- Directions for this task
Among the records below, find the line with "截至买化塑研究院发稿,WTI" and the line with "- Tinted safety". Set down both and every line between, exactly and with no pictures, but nothing else.
*** Opening Extracted entries ***
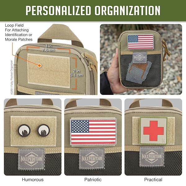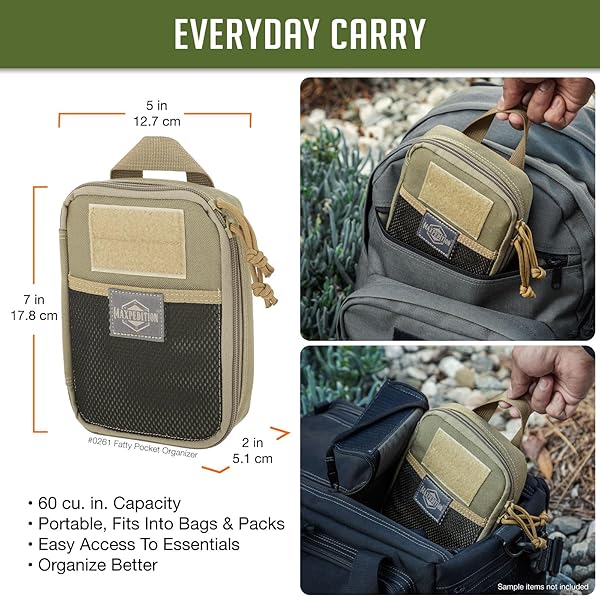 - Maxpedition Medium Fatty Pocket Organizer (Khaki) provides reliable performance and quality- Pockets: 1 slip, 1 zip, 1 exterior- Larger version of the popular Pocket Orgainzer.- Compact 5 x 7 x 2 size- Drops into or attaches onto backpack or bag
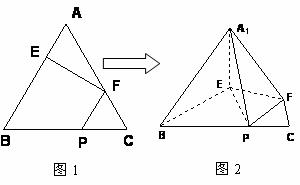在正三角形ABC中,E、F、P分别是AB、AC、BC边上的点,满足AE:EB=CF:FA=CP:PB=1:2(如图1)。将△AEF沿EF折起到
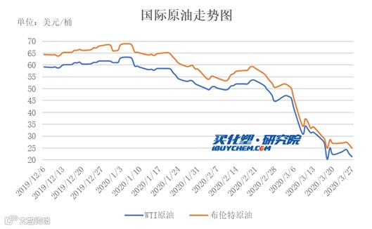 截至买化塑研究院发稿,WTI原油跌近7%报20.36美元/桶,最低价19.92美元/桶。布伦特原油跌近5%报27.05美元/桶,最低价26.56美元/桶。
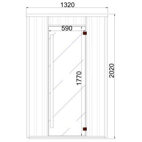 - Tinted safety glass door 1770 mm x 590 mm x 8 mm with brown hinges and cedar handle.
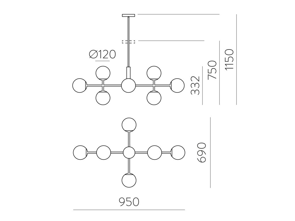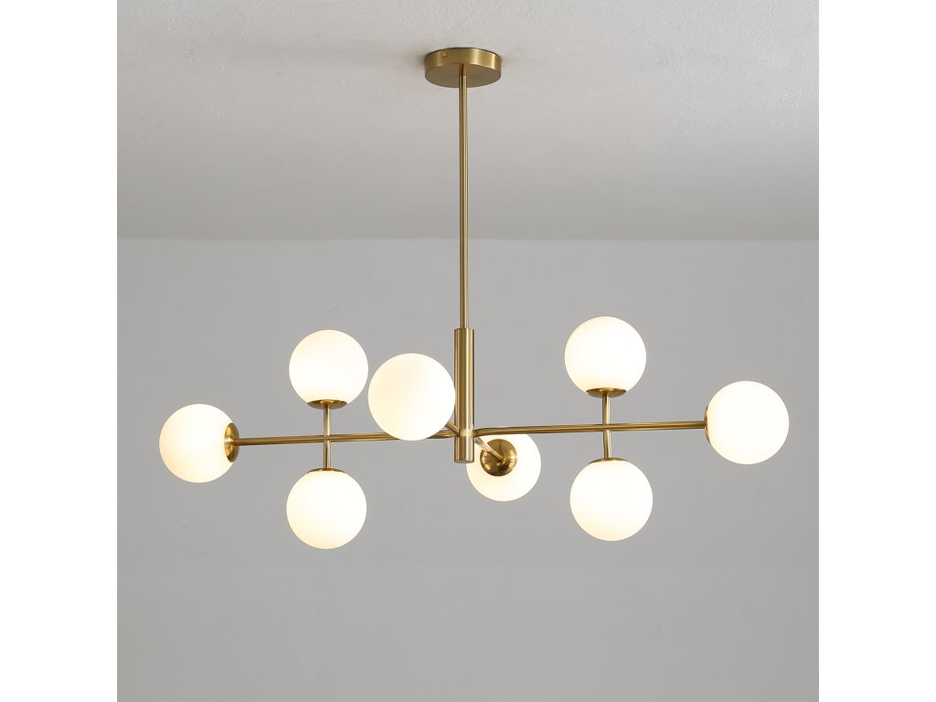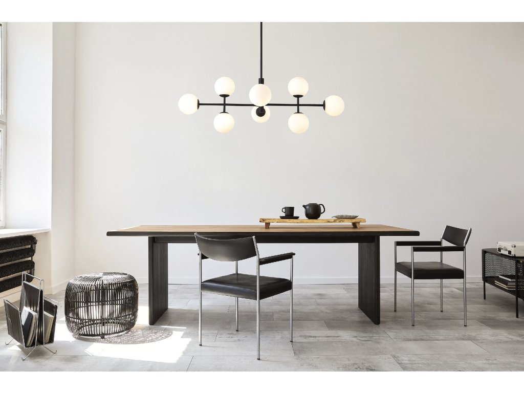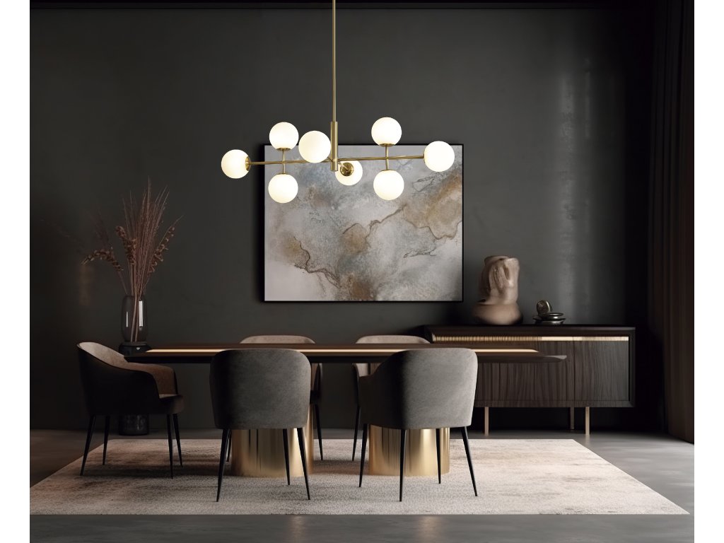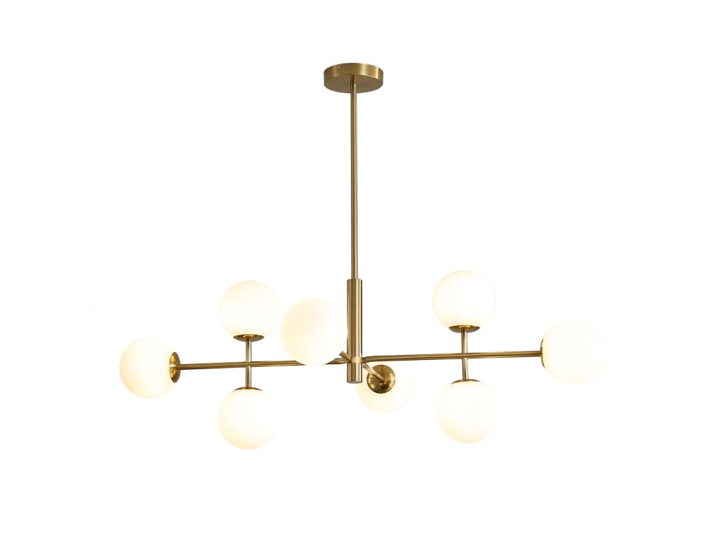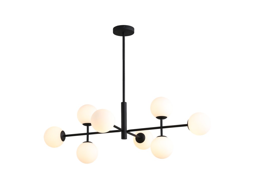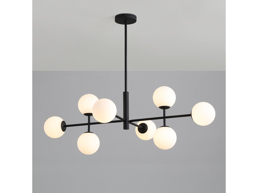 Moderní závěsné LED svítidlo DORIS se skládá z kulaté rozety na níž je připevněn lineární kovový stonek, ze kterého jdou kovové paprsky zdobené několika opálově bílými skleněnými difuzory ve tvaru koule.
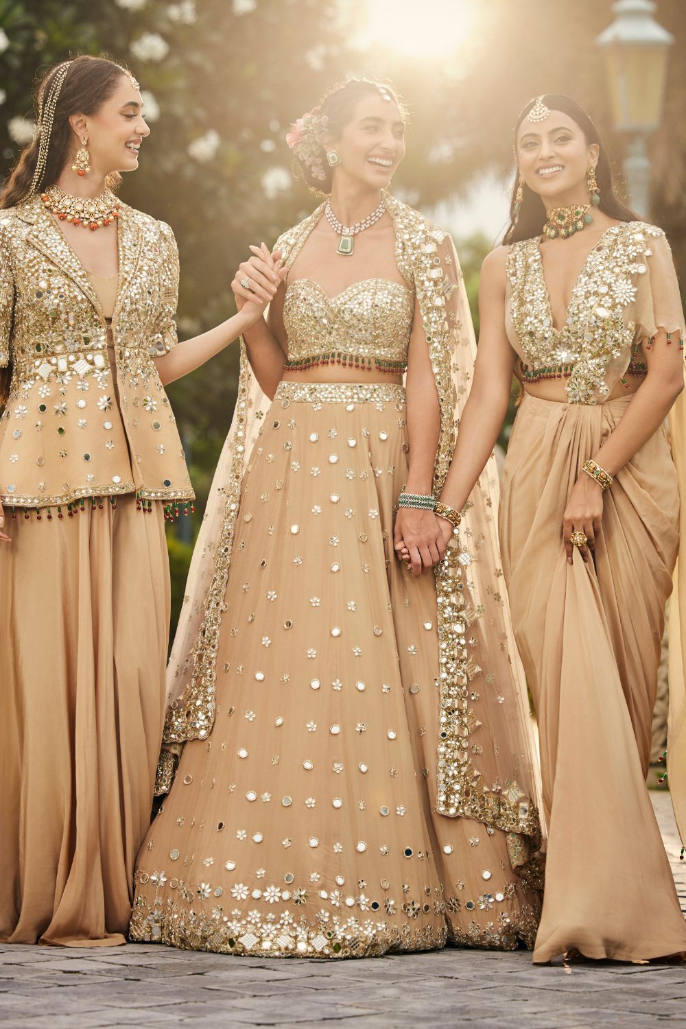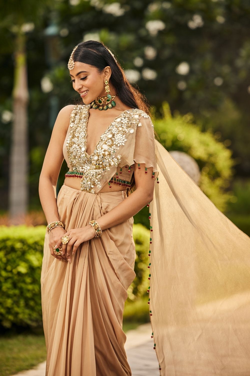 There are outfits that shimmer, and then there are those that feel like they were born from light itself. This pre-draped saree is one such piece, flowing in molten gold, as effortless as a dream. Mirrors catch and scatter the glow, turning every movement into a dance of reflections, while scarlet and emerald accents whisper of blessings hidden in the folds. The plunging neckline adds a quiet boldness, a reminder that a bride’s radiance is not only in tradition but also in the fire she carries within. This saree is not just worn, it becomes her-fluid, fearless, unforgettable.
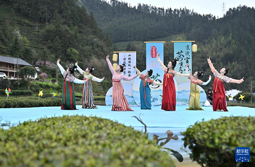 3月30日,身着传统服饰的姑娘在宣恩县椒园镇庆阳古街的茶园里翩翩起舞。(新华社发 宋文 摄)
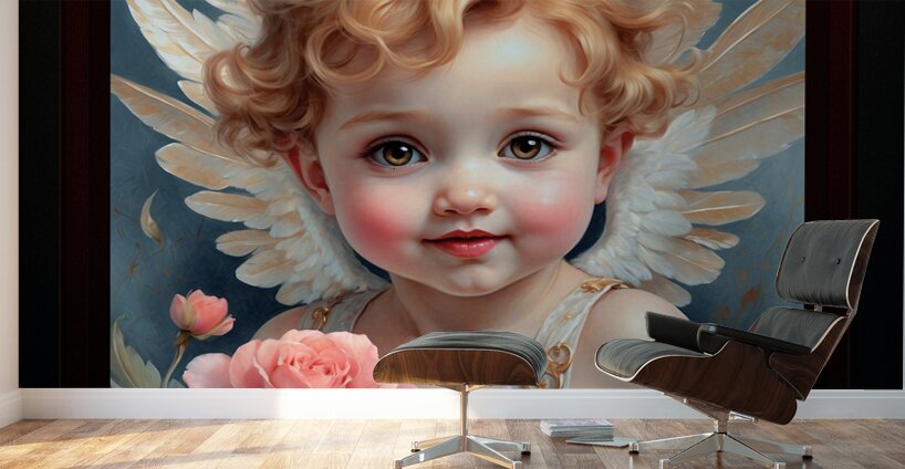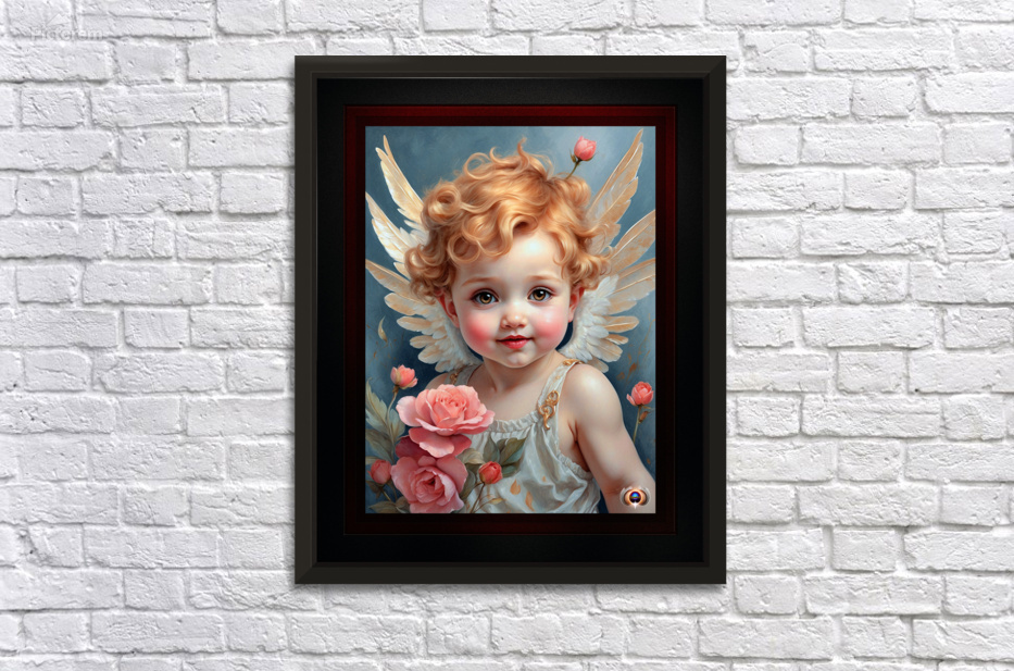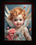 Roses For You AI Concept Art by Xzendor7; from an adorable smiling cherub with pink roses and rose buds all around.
*** Closing Extracted entries ***
- Answer area
 截至买化塑研究院发稿,WTI原油跌近7%报20.36美元/桶,最低价19.92美元/桶。布伦特原油跌近5%报27.05美元/桶,最低价26.56美元/桶。
 - Tinted safety glass door 1770 mm x 590 mm x 8 mm with brown hinges and cedar handle.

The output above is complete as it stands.